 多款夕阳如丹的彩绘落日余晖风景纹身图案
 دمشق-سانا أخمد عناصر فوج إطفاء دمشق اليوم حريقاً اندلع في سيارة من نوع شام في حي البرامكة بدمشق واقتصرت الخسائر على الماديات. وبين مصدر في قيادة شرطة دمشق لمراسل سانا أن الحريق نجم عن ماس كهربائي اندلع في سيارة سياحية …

---

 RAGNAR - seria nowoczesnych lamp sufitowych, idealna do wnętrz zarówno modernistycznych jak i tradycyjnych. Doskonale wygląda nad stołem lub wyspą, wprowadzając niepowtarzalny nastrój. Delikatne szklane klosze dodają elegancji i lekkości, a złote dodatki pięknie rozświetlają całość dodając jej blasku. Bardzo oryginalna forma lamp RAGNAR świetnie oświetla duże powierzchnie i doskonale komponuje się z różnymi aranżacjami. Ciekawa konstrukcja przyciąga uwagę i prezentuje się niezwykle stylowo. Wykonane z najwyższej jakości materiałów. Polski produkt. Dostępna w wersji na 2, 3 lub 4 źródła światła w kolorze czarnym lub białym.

*What is being asked*
Of the entries above, repeat exactly the lines from the line with "多款夕阳如丹的彩绘落日余晖风景纹身图案" through the line with "دمشق-سانا أخمد عناصر", both of them included.

*Your solution*
 多款夕阳如丹的彩绘落日余晖风景纹身图案
 دمشق-سانا أخمد عناصر فوج إطفاء دمشق اليوم حريقاً اندلع في سيارة من نوع شام في حي البرامكة بدمشق واقتصرت الخسائر على الماديات. وبين مصدر في قيادة شرطة دمشق لمراسل سانا أن الحريق نجم عن ماس كهربائي اندلع في سيارة سياحية …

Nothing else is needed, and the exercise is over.